Copy the data that follows, character for character, minus the pictures.

[Records]
# # # #

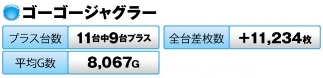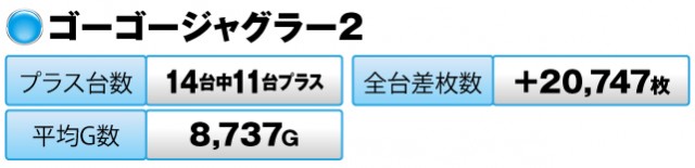 『ゴーゴージャグラー2』が14台中11台がプラスで全台差枚数が+20,747枚、『ゴーゴージャグラー』が11台中7台がプラスで全台差枚数は+11,234枚を記録した。
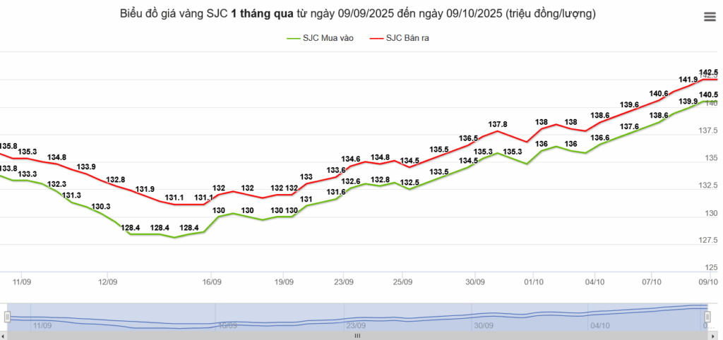Trước thời điểm 10/10, giá vàng trong nước đã lập đỉnh cao mới. Vào ngày 8/10, giá vàng miếng SJC niêm yết đạt khoảng 140,5 – 142,5 triệu đồng/lượng (mua – bán).
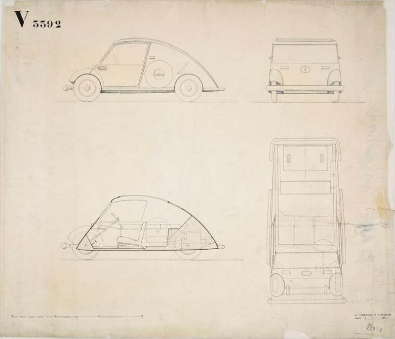 La chaux de fond m’évoque Le corbusier, qui a lui aussi étudié une voiture minimum.
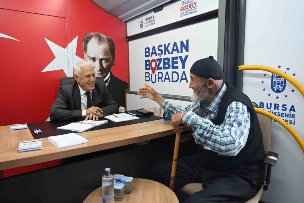 Bursa Büyükşehir Belediye Başkanı Mustafa Bozbey, seçim öncesi verdiği sözlerden biri olan ‘Başkan Bozbey Burada’ projesini başlattı. Başkan Bozbey, daire başkanlarından şube müdürlerine kadar kalabalık bir yönetim kadrosu ile makamını yaklaşık 11 bin Bursalının yaşadığı Büyükorhan’a taşıdı. İlk olarak pazar alanında vatandaşlarla buluşan Başkan Bozbey, ilçe merkezinde de yoğun ilgi ile karşılandı. Büyükorhanlılar, ‘Başkan Bozbey Burada’ otobüsünde talep ve önerilerini birinci ağızdan Başkan Mustafa Bozbey’e iletme fırsatı buldu. Gün boyunca dile getirilen konuları dikkatle dinleyen Başkan Bozbey, sorunların hızlı ve yerinde çözümü için not aldırdı. Ayrıca ilgili bürokratlar da vatandaşlarla yakından ilgilendi.
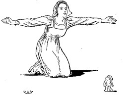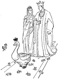 Now the innkeeper had three daughters, who on seeing the goose were curious to know what wonderful kind of a bird it could be, and longed to have one of its golden feathers. The eldest daughter thought to herself, "Surely a chance will come for me to pull out one of those feathers"; and so when the Simpleton had gone out, she caught the goose by the wing. But there her hand stuck fast! Shortly afterwards the second daughter came, as she too was longing for a golden feather. She had hardly touched her sister, however, when she also stuck fast. And lastly came the third daughter with the same object. At this the others cried out, "Keep off, for goodness' sake, keep off!" But she, not understanding why they told her to keep away, thought to herself, "If they go to the goose, why should not I?" She sprang forward, but as she touched her sister she too stuck fast, and pull as she might she could not get away; and thus they had all to pass the night beside the goose.
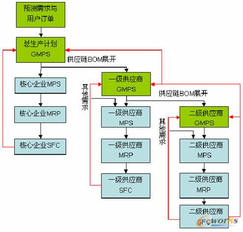 圖2中的協同供應鏈計劃將傳統ERP的生產計劃管理進行了擴展。在核心企業總生產計劃生成后立即進行一級供應商總生產計劃的編制,一級供應商總生產計劃生成后進行二級供應商的總生產計劃的生成。當然,這樣做必須建立在供應商是戰略伙伴關系的基礎上。
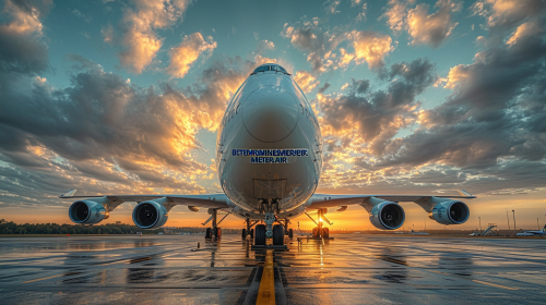 Imagine an engaging image that A white Boeing 747 apron, a cleaning lady logo on the bow , word "BETER MINE AIR" written on The plane , summer, atlanta, hdr, color grading, real photo , Super resolution, ultra detailed, detailed face, wtihe european, Photorealistic, commercial photography, Sony A7R --ar 16:9 --s 750 --v 6.0 --style raw
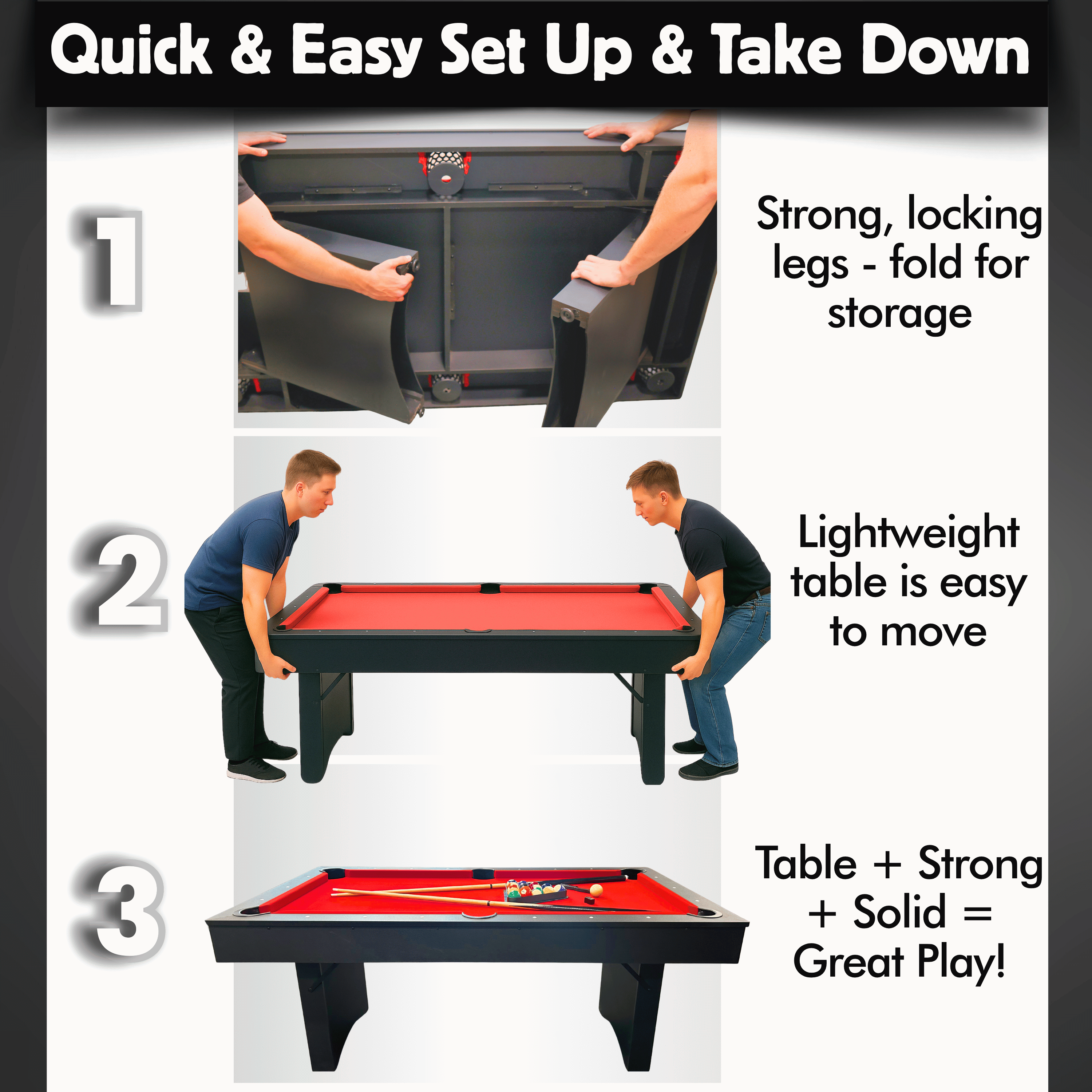 The compact dimensions of our portable pool table make it a great size for kids to learn the game of pool. The Ashford's 6' dimensions make it easier for kids to practice the basics of pool and sink some shots. Adults will appreciate the solid feel of our table and love the way it plays like a full-sized table. The Ashford portable pool table is almost ready to play right out of the box.
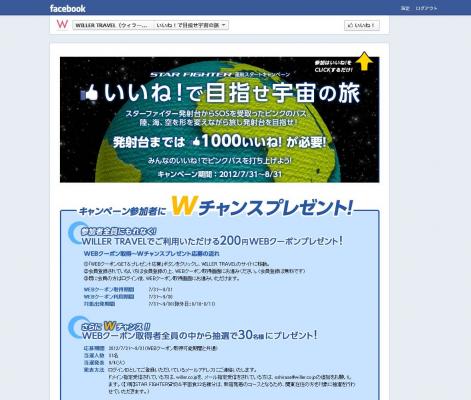 WILLER TRAVELの公式facebookページには、企業理念から商品開発の裏話まで紹介しており、今回のキャンペーン「いいね!で目指せ宇宙の旅」は8月から運行開始する体感型アトラクションバス『STAR FIGHTER』に見立てたバスをfacebook上で陸から宇宙へ発進させるために、ユーザーに「いいね!」で参加してもらい、その数によってバスが形態を進化させ、最終的には宇宙へ発進することができます。
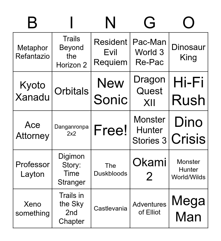 This bingo card has a free space and 24 words: Digimon Story: Time Stranger, Trails in the Sky 2nd Chapter, New Sonic, Xeno something, Dinosaur King, Metaphor Refantazio, Kyoto Xanadu, Trails Beyond the Horizon 2, Monster Hunter Stories 3, The Duskbloods, Dragon Quest XII, Ace Attorney, Okami 2, Monster Hunter World/Wilds, Orbitals, Adventures of Elliot, Dino Crisis, Resident Evil Requiem, Hi-Fi Rush, Danganronpa 2x2, Mega Man, Professor Layton, Pac-Man World 3 Re-Pac and Castlevania.
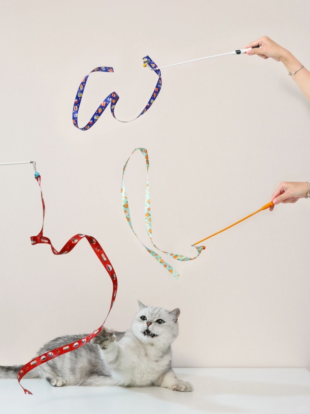逗貓棒是一種長度約30至60公分之間,配有彈性繩或線的玩具~其外形通常是一根柔軟的棍子,頂端則裝飾著各式各樣的羽毛、毛球或其他有趣的物品!這種玩具的作用在於模仿鳥類或昆蟲的動作,引起貓咪的注意並激發它們的狩獵本能~
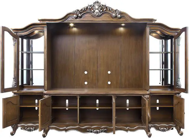 Floral Trim, Touch Light Included, Tempered Glass Doors & Shelves, Cord Management Included, Max
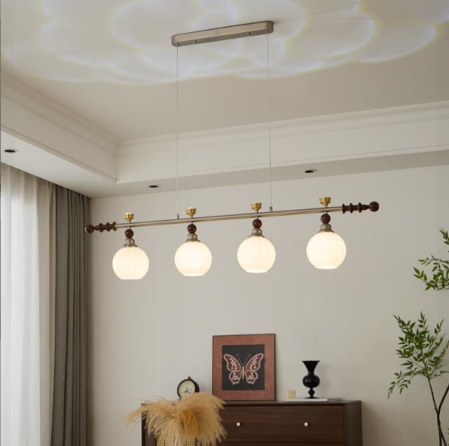 中古风法式中古风餐厅吊灯美式复古吧台灯现代简约一字长条玻璃护眼灯具

# # # #

[Solution to this exercise]
 『ゴーゴージャグラー2』が14台中11台がプラスで全台差枚数が+20,747枚、『ゴーゴージャグラー』が11台中7台がプラスで全台差枚数は+11,234枚を記録した。
Trước thời điểm 10/10, giá vàng trong nước đã lập đỉnh cao mới. Vào ngày 8/10, giá vàng miếng SJC niêm yết đạt khoảng 140,5 – 142,5 triệu đồng/lượng (mua – bán).
 La chaux de fond m’évoque Le corbusier, qui a lui aussi étudié une voiture minimum.
 Bursa Büyükşehir Belediye Başkanı Mustafa Bozbey, seçim öncesi verdiği sözlerden biri olan ‘Başkan Bozbey Burada’ projesini başlattı. Başkan Bozbey, daire başkanlarından şube müdürlerine kadar kalabalık bir yönetim kadrosu ile makamını yaklaşık 11 bin Bursalının yaşadığı Büyükorhan’a taşıdı. İlk olarak pazar alanında vatandaşlarla buluşan Başkan Bozbey, ilçe merkezinde de yoğun ilgi ile karşılandı. Büyükorhanlılar, ‘Başkan Bozbey Burada’ otobüsünde talep ve önerilerini birinci ağızdan Başkan Mustafa Bozbey’e iletme fırsatı buldu. Gün boyunca dile getirilen konuları dikkatle dinleyen Başkan Bozbey, sorunların hızlı ve yerinde çözümü için not aldırdı. Ayrıca ilgili bürokratlar da vatandaşlarla yakından ilgilendi.
 Now the innkeeper had three daughters, who on seeing the goose were curious to know what wonderful kind of a bird it could be, and longed to have one of its golden feathers. The eldest daughter thought to herself, "Surely a chance will come for me to pull out one of those feathers"; and so when the Simpleton had gone out, she caught the goose by the wing. But there her hand stuck fast! Shortly afterwards the second daughter came, as she too was longing for a golden feather. She had hardly touched her sister, however, when she also stuck fast. And lastly came the third daughter with the same object. At this the others cried out, "Keep off, for goodness' sake, keep off!" But she, not understanding why they told her to keep away, thought to herself, "If they go to the goose, why should not I?" She sprang forward, but as she touched her sister she too stuck fast, and pull as she might she could not get away; and thus they had all to pass the night beside the goose.
 圖2中的協同供應鏈計劃將傳統ERP的生產計劃管理進行了擴展。在核心企業總生產計劃生成后立即進行一級供應商總生產計劃的編制,一級供應商總生產計劃生成后進行二級供應商的總生產計劃的生成。當然,這樣做必須建立在供應商是戰略伙伴關系的基礎上。
 Imagine an engaging image that A white Boeing 747 apron, a cleaning lady logo on the bow , word "BETER MINE AIR" written on The plane , summer, atlanta, hdr, color grading, real photo , Super resolution, ultra detailed, detailed face, wtihe european, Photorealistic, commercial photography, Sony A7R --ar 16:9 --s 750 --v 6.0 --style raw
 The compact dimensions of our portable pool table make it a great size for kids to learn the game of pool. The Ashford's 6' dimensions make it easier for kids to practice the basics of pool and sink some shots. Adults will appreciate the solid feel of our table and love the way it plays like a full-sized table. The Ashford portable pool table is almost ready to play right out of the box.
 WILLER TRAVELの公式facebookページには、企業理念から商品開発の裏話まで紹介しており、今回のキャンペーン「いいね!で目指せ宇宙の旅」は8月から運行開始する体感型アトラクションバス『STAR FIGHTER』に見立てたバスをfacebook上で陸から宇宙へ発進させるために、ユーザーに「いいね!」で参加してもらい、その数によってバスが形態を進化させ、最終的には宇宙へ発進することができます。
 This bingo card has a free space and 24 words: Digimon Story: Time Stranger, Trails in the Sky 2nd Chapter, New Sonic, Xeno something, Dinosaur King, Metaphor Refantazio, Kyoto Xanadu, Trails Beyond the Horizon 2, Monster Hunter Stories 3, The Duskbloods, Dragon Quest XII, Ace Attorney, Okami 2, Monster Hunter World/Wilds, Orbitals, Adventures of Elliot, Dino Crisis, Resident Evil Requiem, Hi-Fi Rush, Danganronpa 2x2, Mega Man, Professor Layton, Pac-Man World 3 Re-Pac and Castlevania.
逗貓棒是一種長度約30至60公分之間,配有彈性繩或線的玩具~其外形通常是一根柔軟的棍子,頂端則裝飾著各式各樣的羽毛、毛球或其他有趣的物品!這種玩具的作用在於模仿鳥類或昆蟲的動作,引起貓咪的注意並激發它們的狩獵本能~
 Floral Trim, Touch Light Included, Tempered Glass Doors & Shelves, Cord Management Included, Max
 中古风法式中古风餐厅吊灯美式复古吧台灯现代简约一字长条玻璃护眼灯具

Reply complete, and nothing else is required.